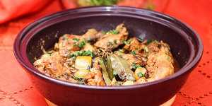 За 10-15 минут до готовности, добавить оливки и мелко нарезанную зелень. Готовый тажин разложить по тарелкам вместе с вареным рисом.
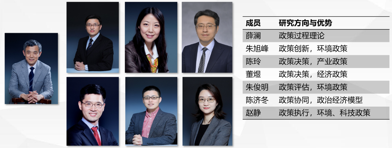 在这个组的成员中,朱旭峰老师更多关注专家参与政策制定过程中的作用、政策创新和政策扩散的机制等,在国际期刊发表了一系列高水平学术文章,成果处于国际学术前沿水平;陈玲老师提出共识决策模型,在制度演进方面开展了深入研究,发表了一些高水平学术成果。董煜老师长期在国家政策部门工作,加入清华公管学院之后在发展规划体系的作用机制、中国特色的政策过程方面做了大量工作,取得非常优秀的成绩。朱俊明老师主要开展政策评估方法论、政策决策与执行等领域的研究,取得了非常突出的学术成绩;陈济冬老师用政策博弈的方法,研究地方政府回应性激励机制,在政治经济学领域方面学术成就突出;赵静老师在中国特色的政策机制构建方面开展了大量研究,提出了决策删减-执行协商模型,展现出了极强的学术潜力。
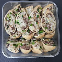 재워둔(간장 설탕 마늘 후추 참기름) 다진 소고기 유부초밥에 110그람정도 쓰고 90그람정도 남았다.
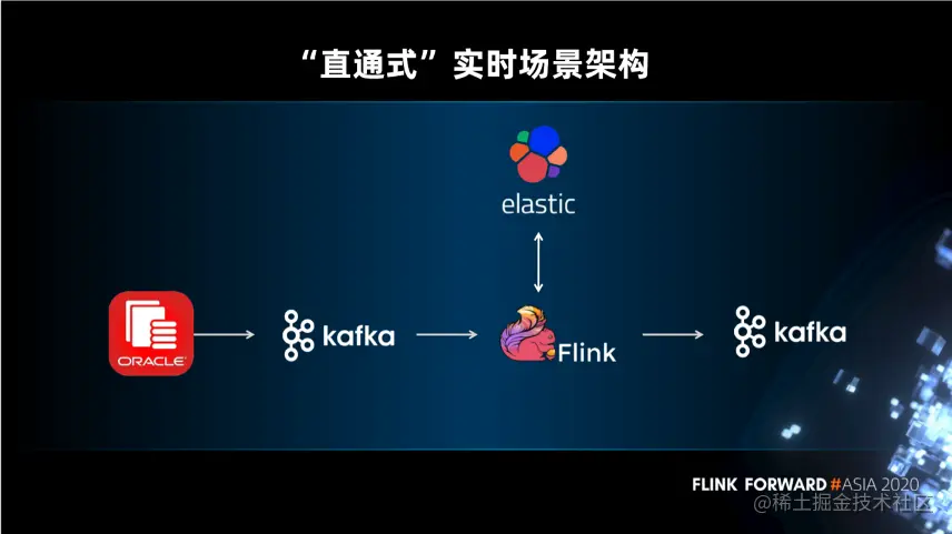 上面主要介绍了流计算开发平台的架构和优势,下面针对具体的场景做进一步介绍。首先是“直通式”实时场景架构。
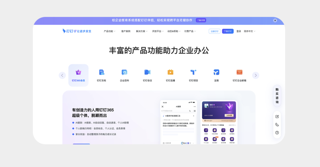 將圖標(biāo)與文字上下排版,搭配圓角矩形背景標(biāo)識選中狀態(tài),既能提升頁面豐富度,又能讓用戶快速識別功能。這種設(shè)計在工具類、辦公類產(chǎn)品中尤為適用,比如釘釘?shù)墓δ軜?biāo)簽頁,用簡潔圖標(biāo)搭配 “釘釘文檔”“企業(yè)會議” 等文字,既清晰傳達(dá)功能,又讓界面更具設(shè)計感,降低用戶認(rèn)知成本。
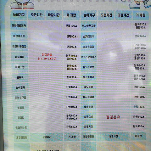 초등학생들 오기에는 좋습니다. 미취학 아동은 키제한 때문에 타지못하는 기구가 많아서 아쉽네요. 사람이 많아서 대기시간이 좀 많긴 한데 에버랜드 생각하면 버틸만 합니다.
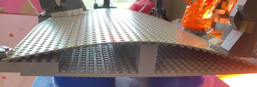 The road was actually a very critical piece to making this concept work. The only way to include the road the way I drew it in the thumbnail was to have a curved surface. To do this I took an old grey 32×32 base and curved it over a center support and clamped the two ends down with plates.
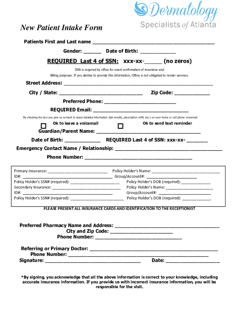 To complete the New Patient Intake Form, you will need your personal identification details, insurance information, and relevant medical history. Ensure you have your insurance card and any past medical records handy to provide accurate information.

...

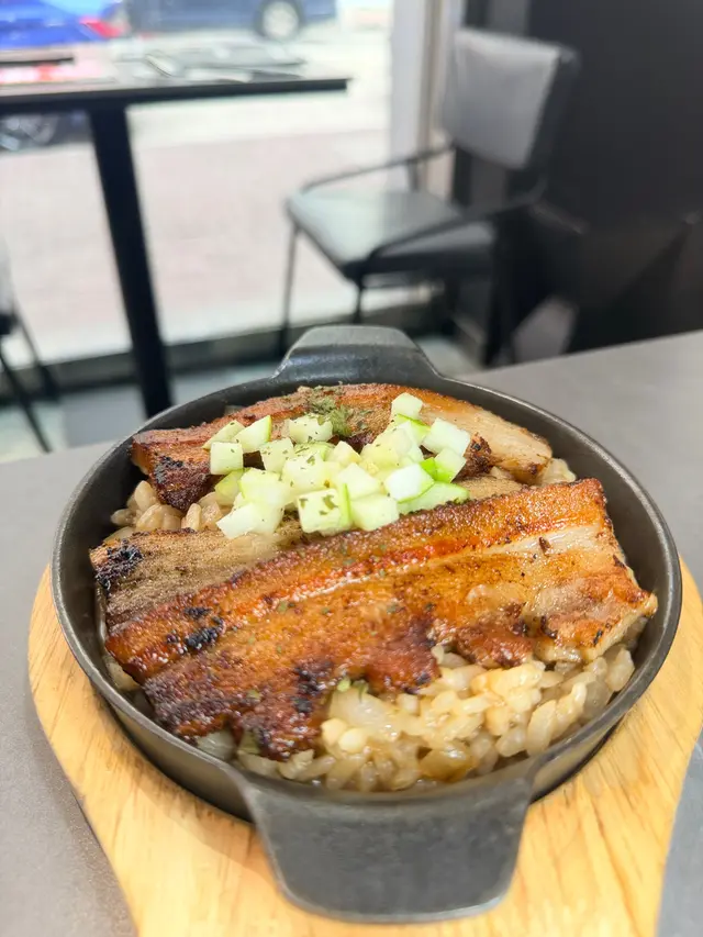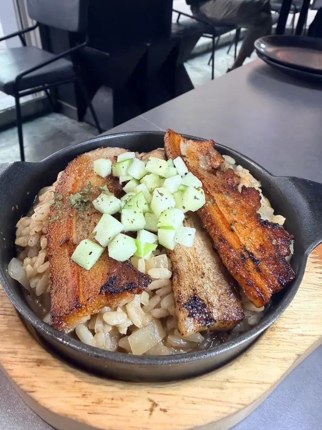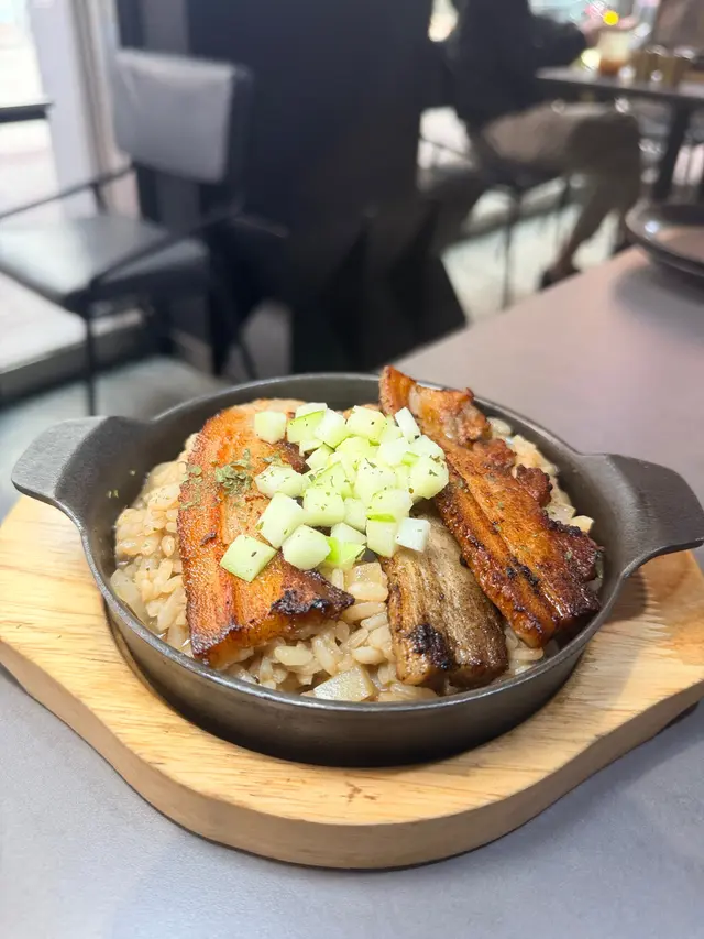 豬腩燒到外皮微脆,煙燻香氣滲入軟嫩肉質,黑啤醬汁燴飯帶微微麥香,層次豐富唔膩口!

* [How to complete this task]: Everything above from the line containing "За 10-15 минут" down to the line containing "재워둔(간장 설탕 마늘" is to be duplicated exactly, both lines included, and the pictures are to be omitted.

* [The answer]:
 За 10-15 минут до готовности, добавить оливки и мелко нарезанную зелень. Готовый тажин разложить по тарелкам вместе с вареным рисом.
 在这个组的成员中,朱旭峰老师更多关注专家参与政策制定过程中的作用、政策创新和政策扩散的机制等,在国际期刊发表了一系列高水平学术文章,成果处于国际学术前沿水平;陈玲老师提出共识决策模型,在制度演进方面开展了深入研究,发表了一些高水平学术成果。董煜老师长期在国家政策部门工作,加入清华公管学院之后在发展规划体系的作用机制、中国特色的政策过程方面做了大量工作,取得非常优秀的成绩。朱俊明老师主要开展政策评估方法论、政策决策与执行等领域的研究,取得了非常突出的学术成绩;陈济冬老师用政策博弈的方法,研究地方政府回应性激励机制,在政治经济学领域方面学术成就突出;赵静老师在中国特色的政策机制构建方面开展了大量研究,提出了决策删减-执行协商模型,展现出了极强的学术潜力。
 재워둔(간장 설탕 마늘 후추 참기름) 다진 소고기 유부초밥에 110그람정도 쓰고 90그람정도 남았다.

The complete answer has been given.